Le mani sulla scuola (1a parte)
di ROBERTO RENZETTI
“Le scuole saranno più efficienti se saranno sottoposte alle leggi del mercato capitalistico e, come tutte le aziende, entreranno in concorrenza le une con le altre per attirare i loro clienti: gli studenti. A questo scopo serve un sistema statale di buoni scuola emessi all’ordine dei genitori di un figlio in età scolare, buoni che potranno essere spesi in una scuola a scelta delle famiglie degli studenti, anche private e/o confessionali” (1955)
Milton Friedman (nobel per l’Economia 1976)
L’efficienza di cui parla Friedman è evidentemente legata allo sfruttamento della scuola a fini di mercato. E’ proprio così? E’ possibile pensare una cosa del genere? Se sì, dove possiamo rintracciarne i sintomi? Per capire di cosa si tratta occorre risalire a conferenze internazionali, ad accordi presi in passato, a tutta una serie di documenti in gran parte sconosciuti ai non addetti ai lavori o che non era utile diffondere…

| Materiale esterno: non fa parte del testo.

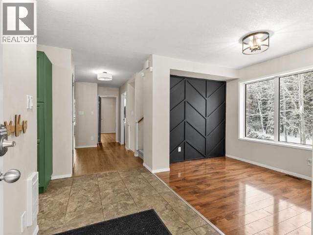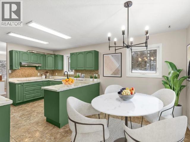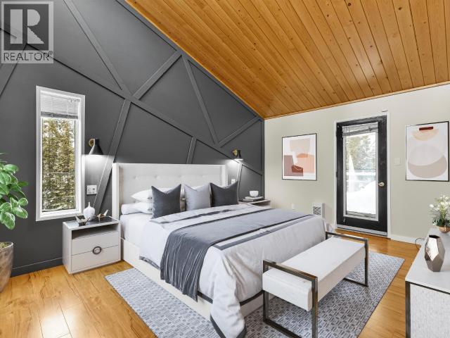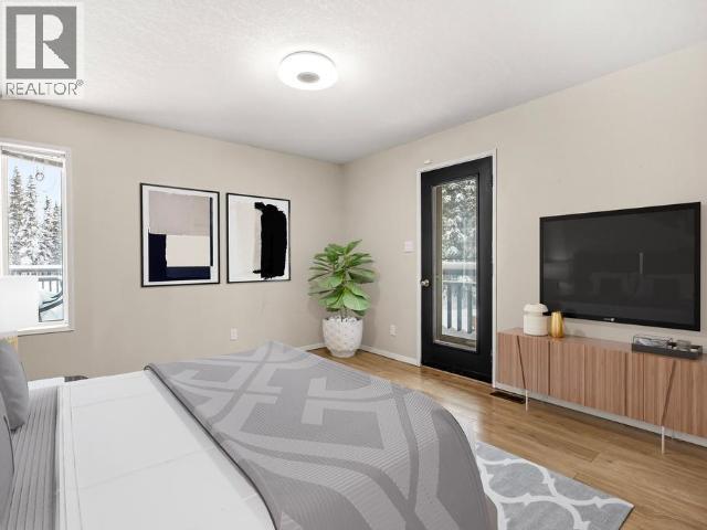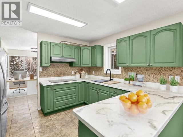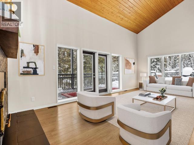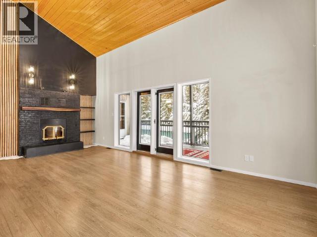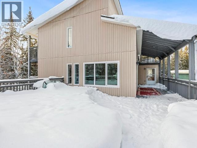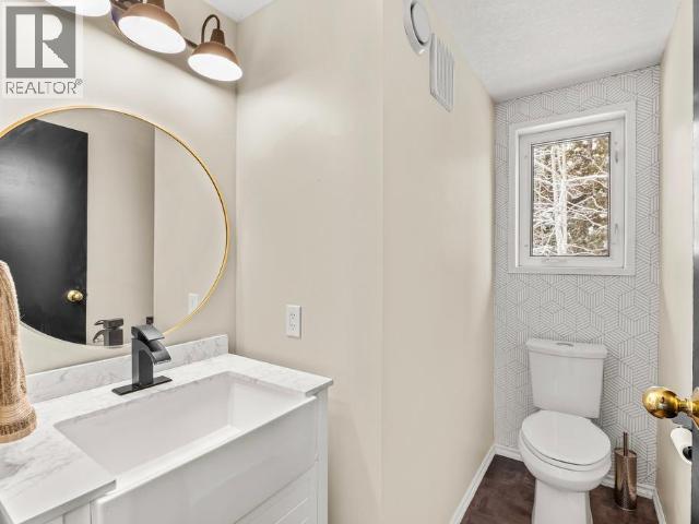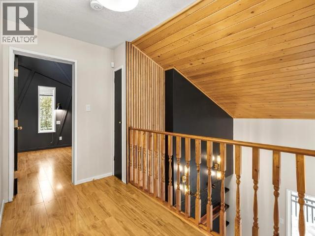 Contemporary 4-bed, 4-bath, 2,800 sqft home son 2.47 private acres in Pine Ridge. The main level offers a refreshed kitchen with dining space and access to the back deck, a formal dining or flexible space, a bright, open living room with vaulted ceilings and a striking wood-burning fireplace feature wall, overlooking the south-facing deck and fully fenced yard. A secondary bedroom with private deck and a convenient half bath complete the level. Upstairs, the primary suite features a walk-in closet, tiled-shower ensuite, and private deck, along with an additional bedroom with private balcony and a full bath. The full walk-out basement provides excellent guest or suite potential with kitchen, living area, bathroom, laundry, separate entry, and fenced area. Extensive upgrades since 2022 include electrical, windows, doors, decking, kitchen, bathrooms, radon mitigation, and water treatment. Detached shop, ample parking, approved septic, 175' well, and quick possession available. (id:6769)
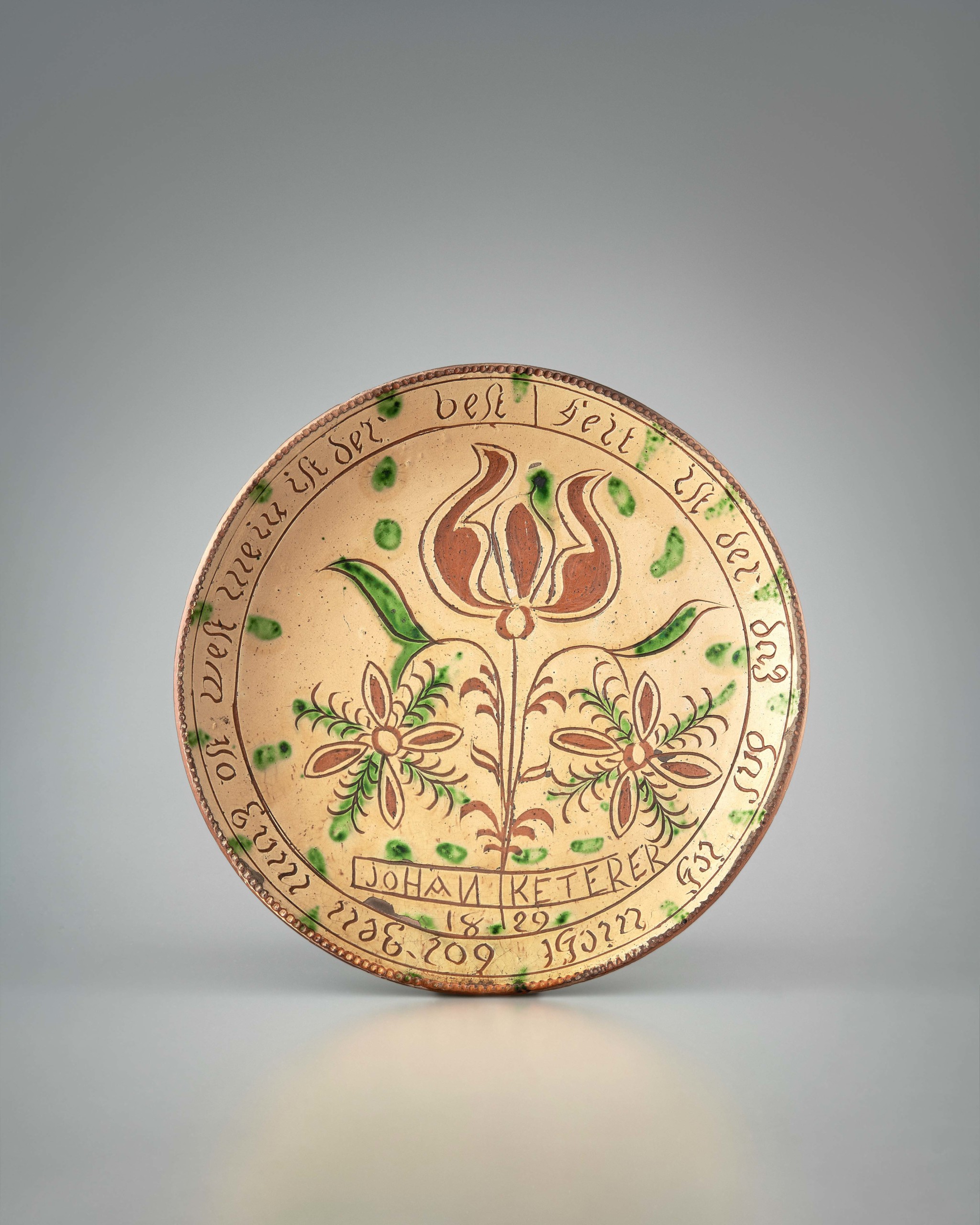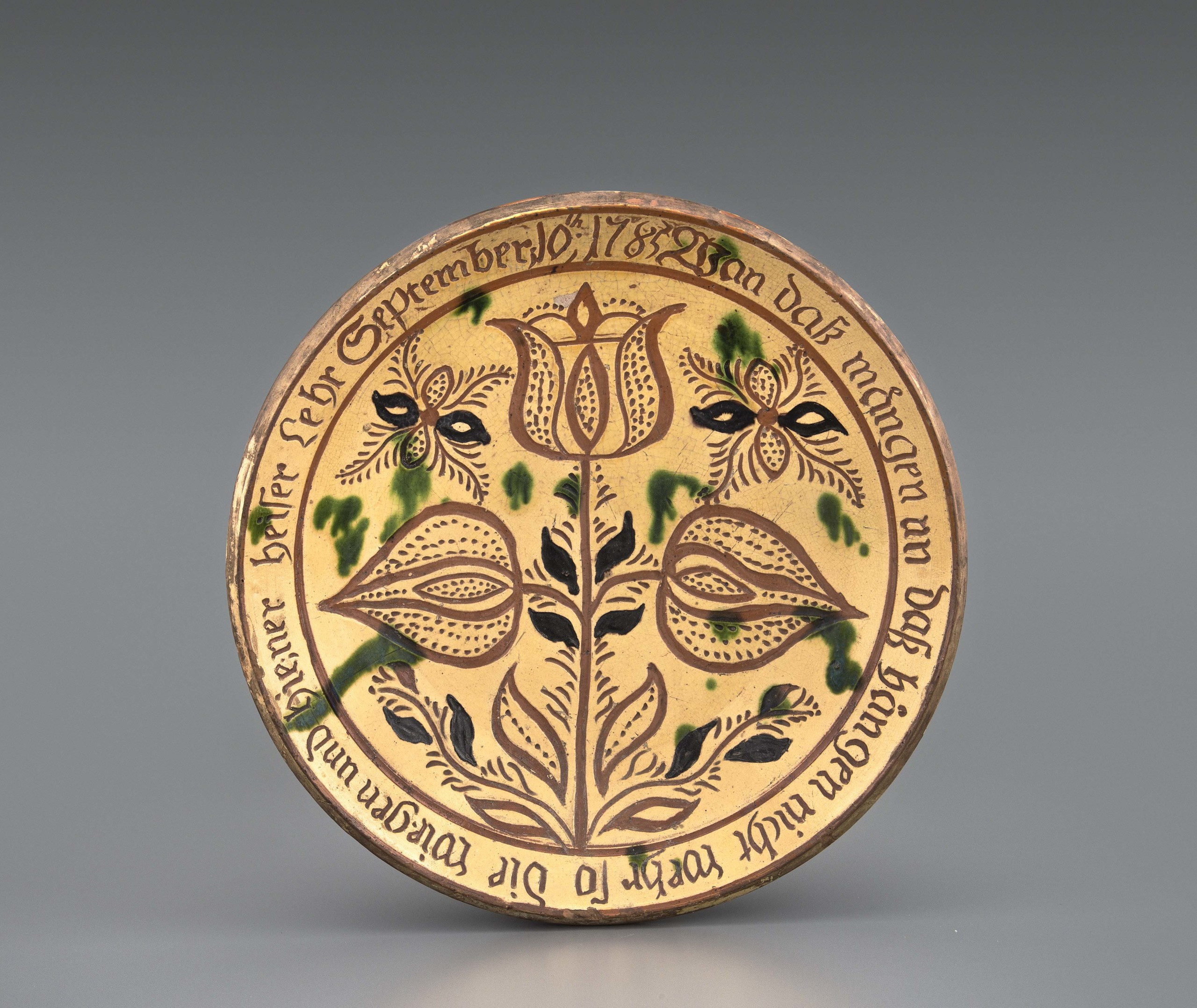 Plate attributed to Georg Hubener, Upper Hanover Township, Montgomery County, Penn., 1785, 12¼ inches (diameter). Collection of Robert and Katharine Booth. Gavin Ashworth photo.
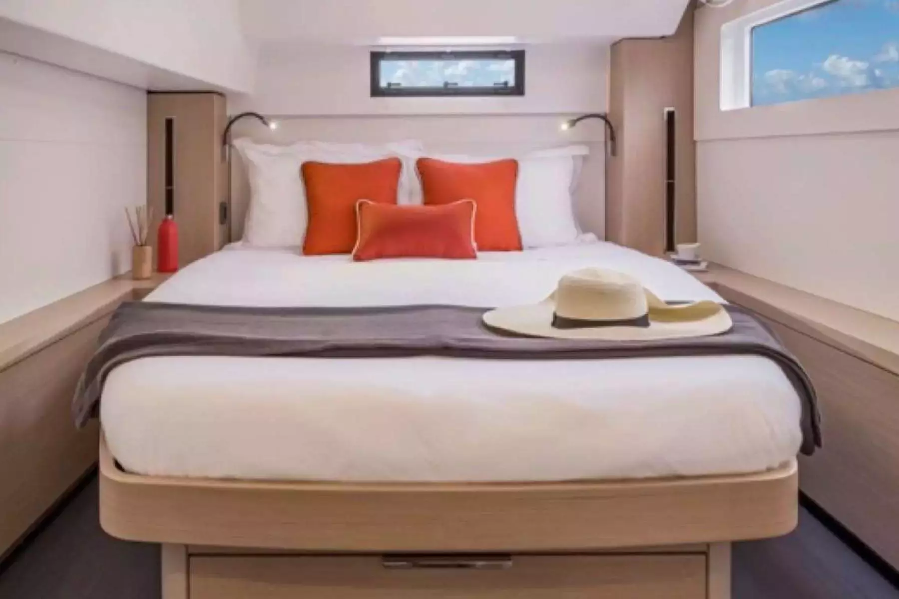 Good Mood is a 46 feet sailing catamaran built in 2021 by Lagoon. It has 2 cabins and sleeps 4 guests. A beautiful sailing catamaran offering more than just comfort and style, Good Mood perfectly blends world-class technology with safety and entertainment in mind. For a day trip or cruise, this catamaran can accommodate a group of 12, promising relaxation and adventures along the scenic shores with your family and friends.
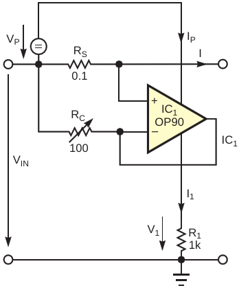 Рисунок 2. В этой схеме для измерения тока в цепи нагрузки используется ток, протекающий через вывод отрицательного источника питания операционного усилителя
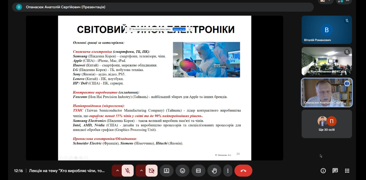 The lecturer emphasized that modern microelectronics is the foundation of the digital economy, and chip production effectively determines the technological leadership of states and corporations. The structure of the global semiconductor industry was discussed, including developers, material and equipment manufacturers, as well as IC design companies.
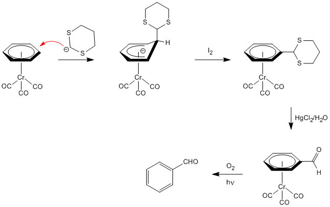 Organometallics option- Arene chromium tricarbonyl complexes- Nucleophilic aromatic addition- formation of benzaldehyde
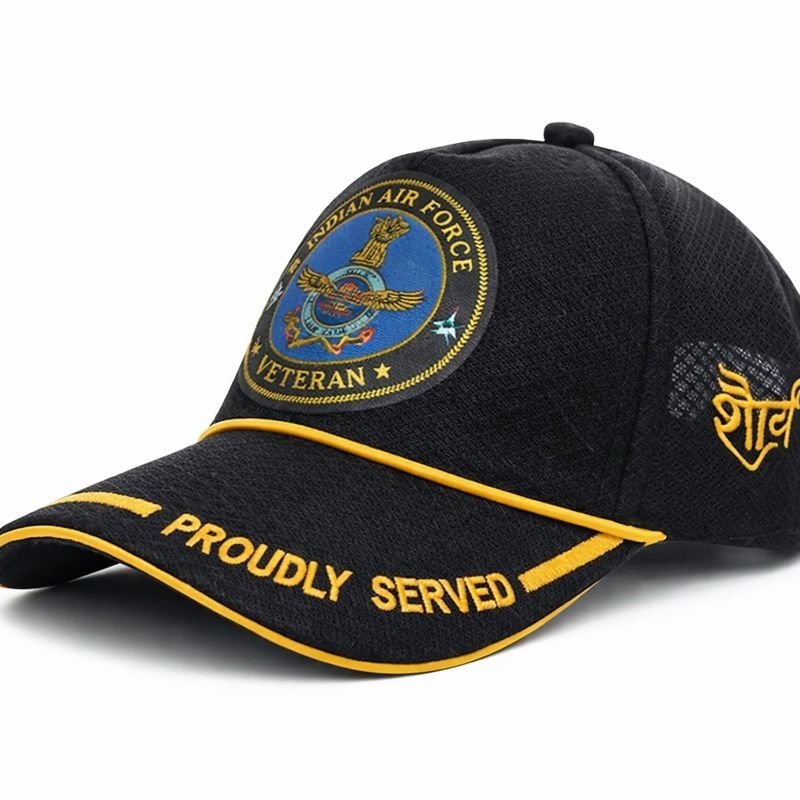 With its classic black colour and “Proudly Served” insignia, this cap blends elegance, comfort, and honour, making it a meaningful tribute to the legacy of the Indian Air Force.
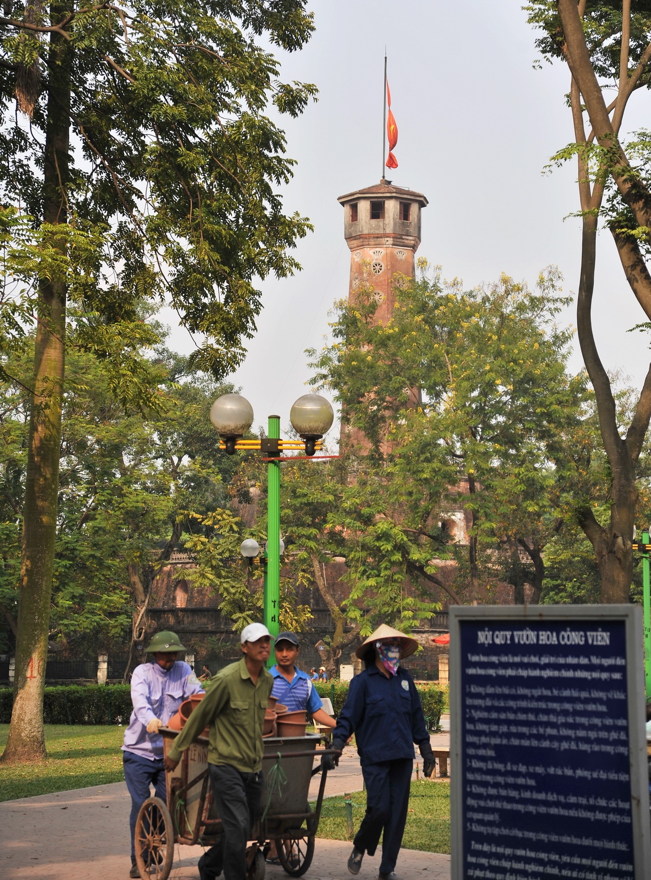 | Quang cảnh treo cờ rủ tại cột cờ Hà Nội, một trong những điểm mà các cầu thủ U19 Việt Nam tham quan. |
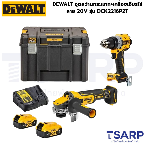 DEWALT ชุดสว่านกระแทก+เครื่องเจียรไร้สาย 20V รุ่น DCK2216P2T
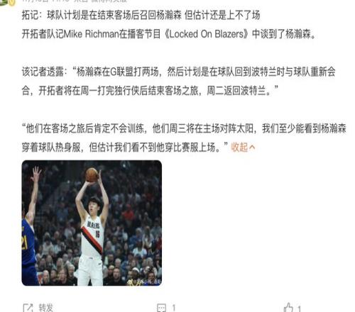 另外根据球队的记者透露,到12月份开拓者发展联盟球队将回到主场比赛,到时候杨瀚森应该会继续被下放。所以从目前球队的安排来看,杨瀚森的行程基本上就是被下放被召回,然后在主队和发展联盟球队这边两边折返跑,这其实也是很多NBA新秀的日常。因为不管是小杨还是其他NBA新秀,很多年轻球员其实即战力都不是特别的强,所以他们更多时候需要去NBA发展联盟进行练习,把自己在球队学习到的东西放到场上去不断进行打磨。后面争取在发展联盟打出统治级别的数据之后,再回到NBA常规赛这边看看能不能够争取到一定的轮换时间。
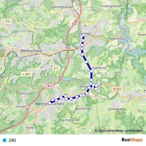 The first stop of the 240 tram route is Remscheid Lennep Bf Bstg C and the last stop is Wermelskirchen Busbf. 240 is operational during täglich.
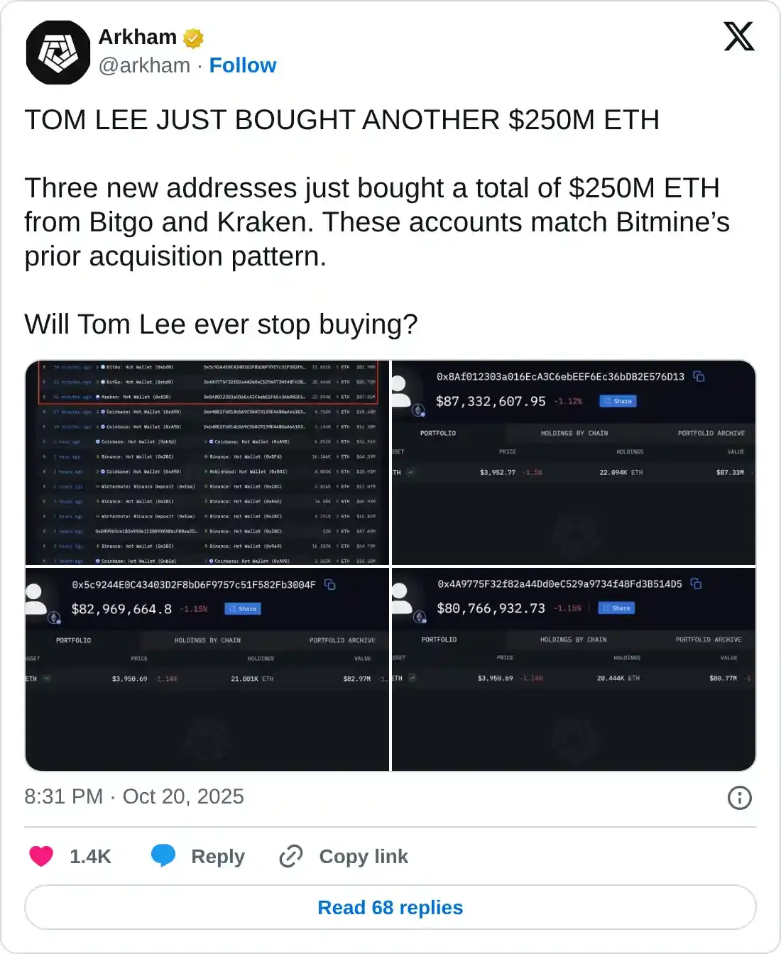 Poco después de su comunicado, datos de la plataforma de análisis cripto Arkham Intelligence muestran que BitMine adquirió otros 63.539 ETH el lunes, aunque la compañía aún no ha confirmado la compra.
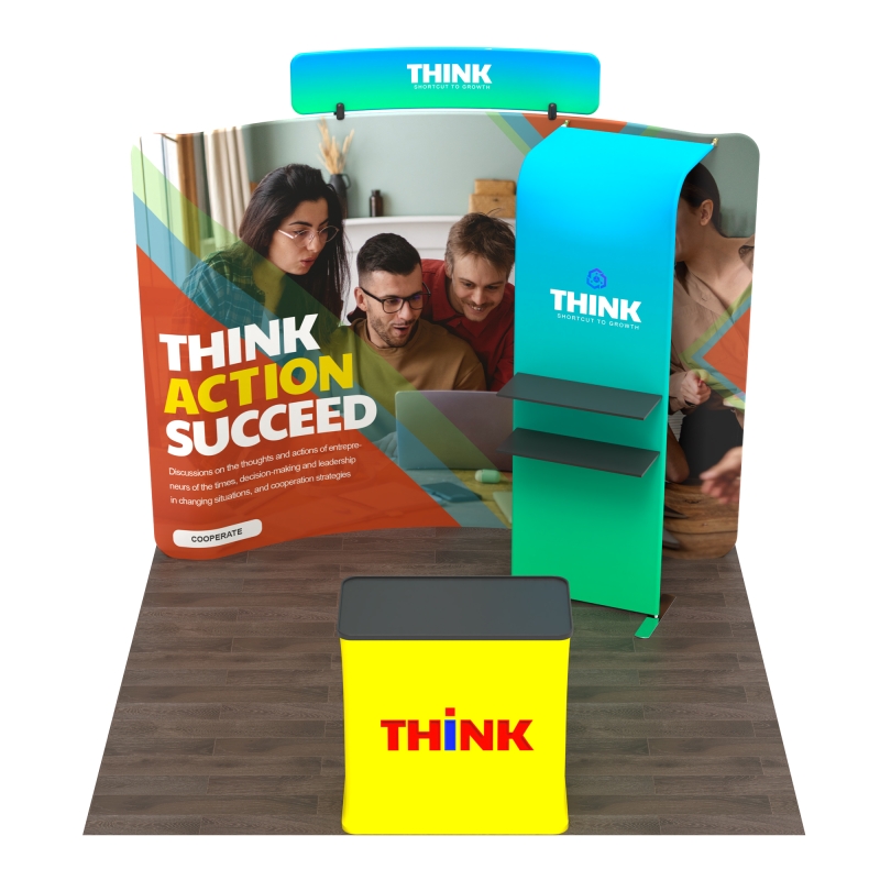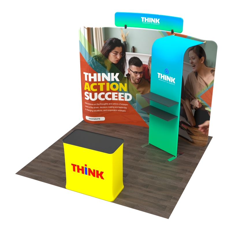 This booth features a durable tension fabric backdrop and a built-in shelving unit with two layers, ideal for showcasing products, brochures, or promotional materials.

E’ utile ricordare che dai primi anni ’90 l’economia e la finanza hanno aumentato considerevolmente il loro peso nella direzione politica del mondo occidentale. La politica in senso stretto ha sempre meno margini di mediazione. E’ quindi dalle scelte di economisti, imprenditori, finanzieri e manager che occorre partire per capire cosa si progetta per questo secolo. Intanto una indagine OCSE (1998) stima in 2000 miliardi di dollari l’investimento per la scuola nel mondo (per la sanità, 3500) ed in 1000 miliardi negli Stati membri (circa: 4 milioni di insegnanti, 80 milioni di studenti, 315 mila istituti e 5 mila università). Un vero gigantesco affare.
La società 20:80
Al Fairmont Hotel di San Francisco, nel settembre 1995, si riunirono 500 persone, l’élite del mondo, il braintrust globale (Bush senior, M. Thatcher, G. Schultz, T. Turner, G. Rifkin, D. Packard, J. Gage, Z. Brzezinski, …), sotto l’egida della Fondazione Gorbaciov, per “decidere delle prospettive del mondo nel nuovo millennio che porta ad una nuova civiltà”. Tutti furono d’accordo nel prefigurare un modello di società in cui solo il 20% dei cittadini del mondo sarebbero stati necessari per mandarlo avanti. Il rimanente 80% sarebbe stata da considerarsi massa eccedente (sic!).
Si passava quindi dalle pur nere prospettive degli anni Ottanta, la società in cui 1/3 dei cittadini del mondo avrebbe avuto accesso al benessere, ad una società 1/5 con molta massa eccedente. Si prospettavano riforme selvagge ben anticipate da John Gage, dirigente di Sun Microsystem, “assumiamo i nostri operai con il computer, lavorano con il computer e li cacciamo con il computer!” e, naturalmente, progettando una società senza classe media, ci si poneva il problema di come farla accettare alla massa eccedente.
Fu Zbigniew Brzezinski che fornì una prima soluzione: tittytainment, una parola coniata a proposito che sta per tits = tetta (nel senso di dispensatrice di latte) e entertainment = gioco, il panem et circenses della Roma imperiale. Ed a quelli che obiettavano che il circo sarebbe stato insufficiente per chi chiedeva autostima, il moderatore, R. Roy, rispondeva che volontariato, associazioni sportive, … “potrebbero essere valorizzate con una modesta retribuzione per promuovere l’autostima di milioni di cittadini“.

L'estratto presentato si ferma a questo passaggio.